Instructions for the task:
Take the line that contains "春には桜が咲き誇り、四季を通" and each line after it to the end of the data below, and set them down exactly, omitting pictures.

Data excerpt:

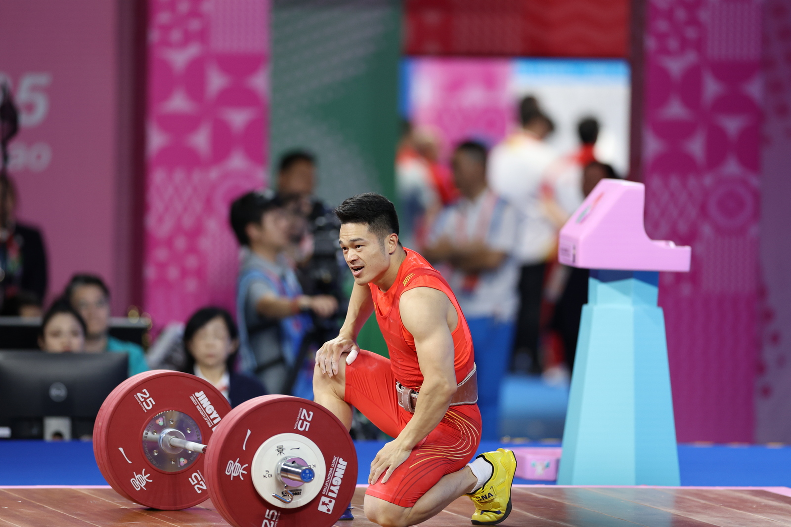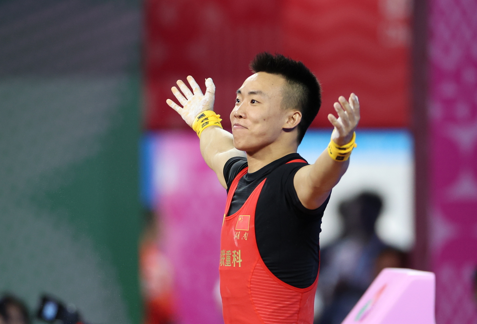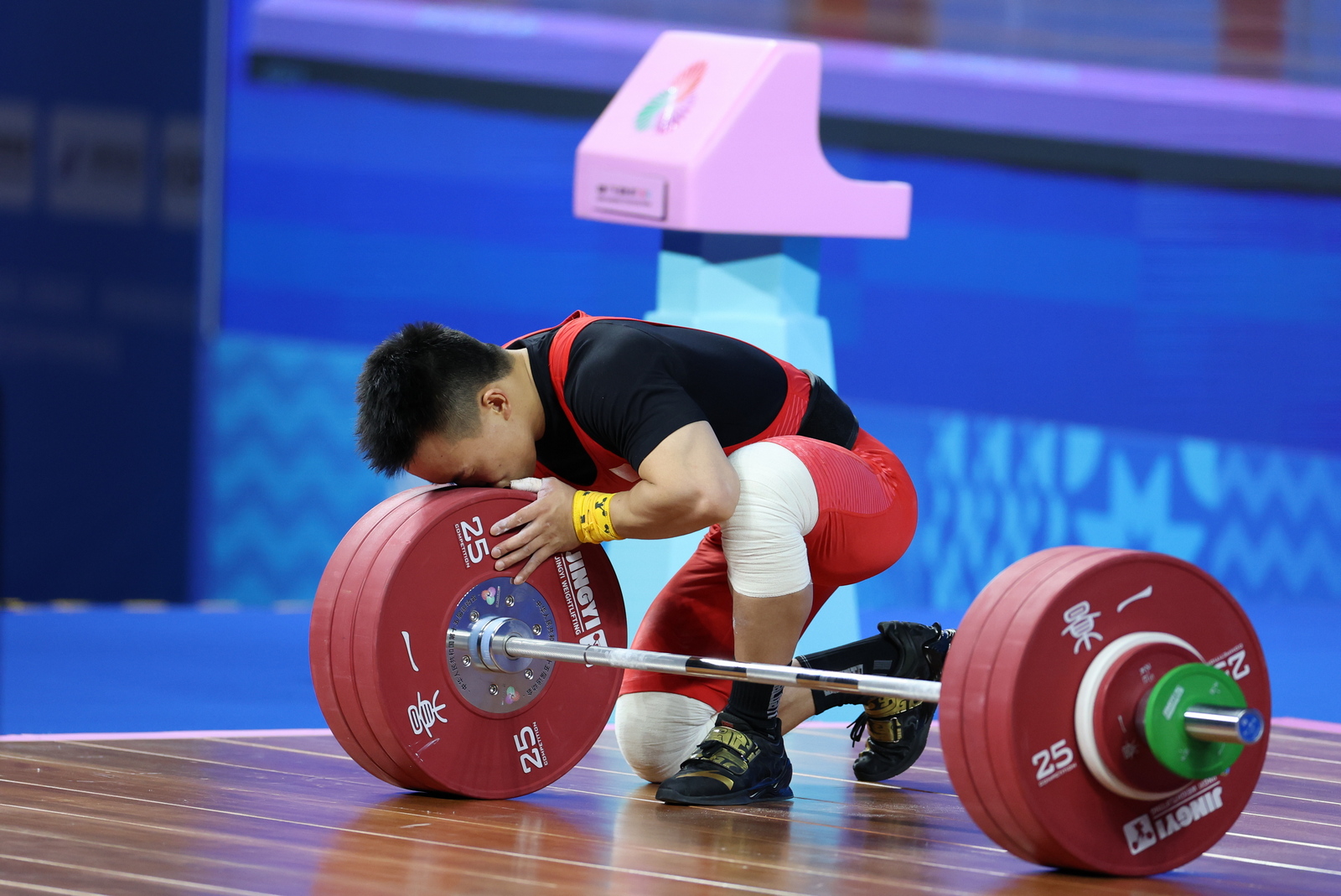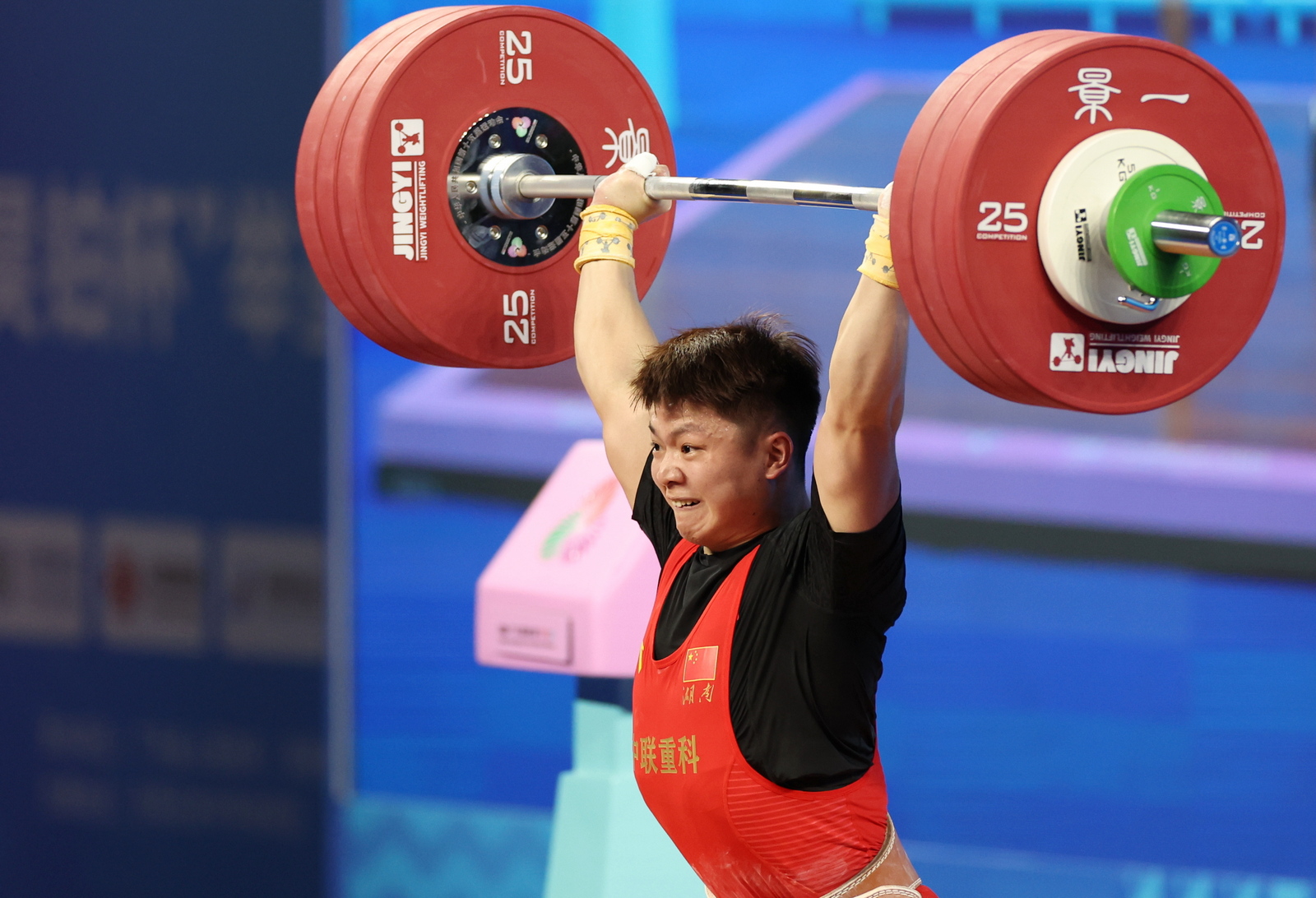 图为湖南中联重科选手彭政林在比赛结束后中亲吻杠铃。
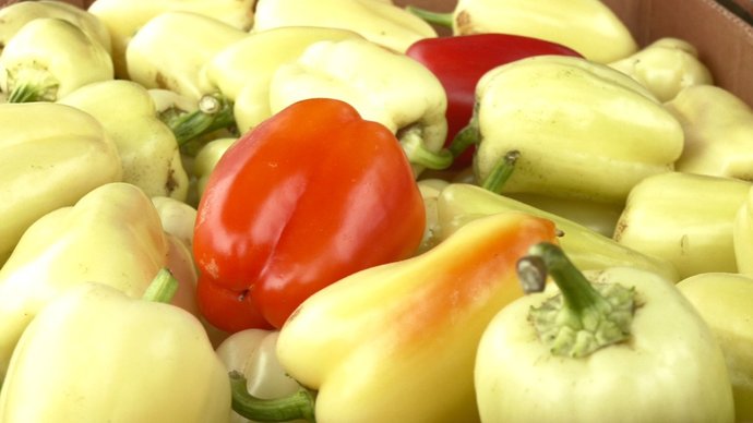 На центральному ринку Тернополя триває сезон солодкого перцю. Ціни — від 25 до 60 гривень за кілограм. Овочі привозять із Закарпаття, Заліщиків та Борщева, розповідають продавчині.
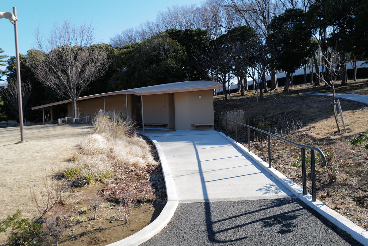 春には桜が咲き誇り、四季を通じて散策やピクニックを楽しむ人々で賑わうこの公園に、2025年グッドデザイン賞を受賞した公園トイレ「丘の小道」が誕生しました。
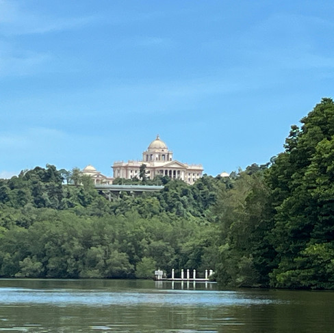 Wir passieren auch den Sultanspalast Istana Nurul Iman, der mehr als 1.700 Räume umfasst und als der größte Palast der Welt gilt. Wir sehen ihn einmal vom Wasser aus und später noch einmal das Eingangstor an der Straße.

Exercise result:
 春には桜が咲き誇り、四季を通じて散策やピクニックを楽しむ人々で賑わうこの公園に、2025年グッドデザイン賞を受賞した公園トイレ「丘の小道」が誕生しました。
 Wir passieren auch den Sultanspalast Istana Nurul Iman, der mehr als 1.700 Räume umfasst und als der größte Palast der Welt gilt. Wir sehen ihn einmal vom Wasser aus und später noch einmal das Eingangstor an der Straße.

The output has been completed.